* TASK PROMPT
Every entry must be given again exactly.

====== DATA UNDER STUDY

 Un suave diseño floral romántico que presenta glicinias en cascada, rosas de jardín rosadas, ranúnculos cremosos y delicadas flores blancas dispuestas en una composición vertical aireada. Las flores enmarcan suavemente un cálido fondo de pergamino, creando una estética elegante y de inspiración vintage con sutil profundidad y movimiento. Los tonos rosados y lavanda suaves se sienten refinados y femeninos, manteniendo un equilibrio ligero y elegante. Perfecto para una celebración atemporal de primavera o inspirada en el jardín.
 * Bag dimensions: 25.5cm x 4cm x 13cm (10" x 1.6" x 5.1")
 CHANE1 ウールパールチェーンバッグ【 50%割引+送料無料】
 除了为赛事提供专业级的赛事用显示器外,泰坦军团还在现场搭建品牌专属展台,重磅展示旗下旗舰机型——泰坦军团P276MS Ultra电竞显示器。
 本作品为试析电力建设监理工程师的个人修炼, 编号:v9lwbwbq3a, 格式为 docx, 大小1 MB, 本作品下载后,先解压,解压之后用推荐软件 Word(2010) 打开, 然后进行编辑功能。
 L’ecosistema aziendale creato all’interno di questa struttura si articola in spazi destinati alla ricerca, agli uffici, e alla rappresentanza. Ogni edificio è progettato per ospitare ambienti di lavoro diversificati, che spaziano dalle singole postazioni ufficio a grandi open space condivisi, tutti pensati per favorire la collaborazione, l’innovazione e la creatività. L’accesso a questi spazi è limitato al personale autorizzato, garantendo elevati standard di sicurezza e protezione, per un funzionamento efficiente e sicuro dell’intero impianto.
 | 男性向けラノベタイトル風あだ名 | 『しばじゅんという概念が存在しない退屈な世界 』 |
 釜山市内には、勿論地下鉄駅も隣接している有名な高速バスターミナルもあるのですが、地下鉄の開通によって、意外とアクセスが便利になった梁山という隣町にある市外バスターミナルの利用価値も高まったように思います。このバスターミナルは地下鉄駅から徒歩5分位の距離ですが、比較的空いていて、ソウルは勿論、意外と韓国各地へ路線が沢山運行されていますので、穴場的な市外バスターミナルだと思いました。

============

* FINISHED TASK
 Un suave diseño floral romántico que presenta glicinias en cascada, rosas de jardín rosadas, ranúnculos cremosos y delicadas flores blancas dispuestas en una composición vertical aireada. Las flores enmarcan suavemente un cálido fondo de pergamino, creando una estética elegante y de inspiración vintage con sutil profundidad y movimiento. Los tonos rosados y lavanda suaves se sienten refinados y femeninos, manteniendo un equilibrio ligero y elegante. Perfecto para una celebración atemporal de primavera o inspirada en el jardín.
 * Bag dimensions: 25.5cm x 4cm x 13cm (10" x 1.6" x 5.1")
 CHANE1 ウールパールチェーンバッグ【 50%割引+送料無料】
 除了为赛事提供专业级的赛事用显示器外,泰坦军团还在现场搭建品牌专属展台,重磅展示旗下旗舰机型——泰坦军团P276MS Ultra电竞显示器。
 本作品为试析电力建设监理工程师的个人修炼, 编号:v9lwbwbq3a, 格式为 docx, 大小1 MB, 本作品下载后,先解压,解压之后用推荐软件 Word(2010) 打开, 然后进行编辑功能。
 L’ecosistema aziendale creato all’interno di questa struttura si articola in spazi destinati alla ricerca, agli uffici, e alla rappresentanza. Ogni edificio è progettato per ospitare ambienti di lavoro diversificati, che spaziano dalle singole postazioni ufficio a grandi open space condivisi, tutti pensati per favorire la collaborazione, l’innovazione e la creatività. L’accesso a questi spazi è limitato al personale autorizzato, garantendo elevati standard di sicurezza e protezione, per un funzionamento efficiente e sicuro dell’intero impianto.
 | 男性向けラノベタイトル風あだ名 | 『しばじゅんという概念が存在しない退屈な世界 』 |
 釜山市内には、勿論地下鉄駅も隣接している有名な高速バスターミナルもあるのですが、地下鉄の開通によって、意外とアクセスが便利になった梁山という隣町にある市外バスターミナルの利用価値も高まったように思います。このバスターミナルは地下鉄駅から徒歩5分位の距離ですが、比較的空いていて、ソウルは勿論、意外と韓国各地へ路線が沢山運行されていますので、穴場的な市外バスターミナルだと思いました。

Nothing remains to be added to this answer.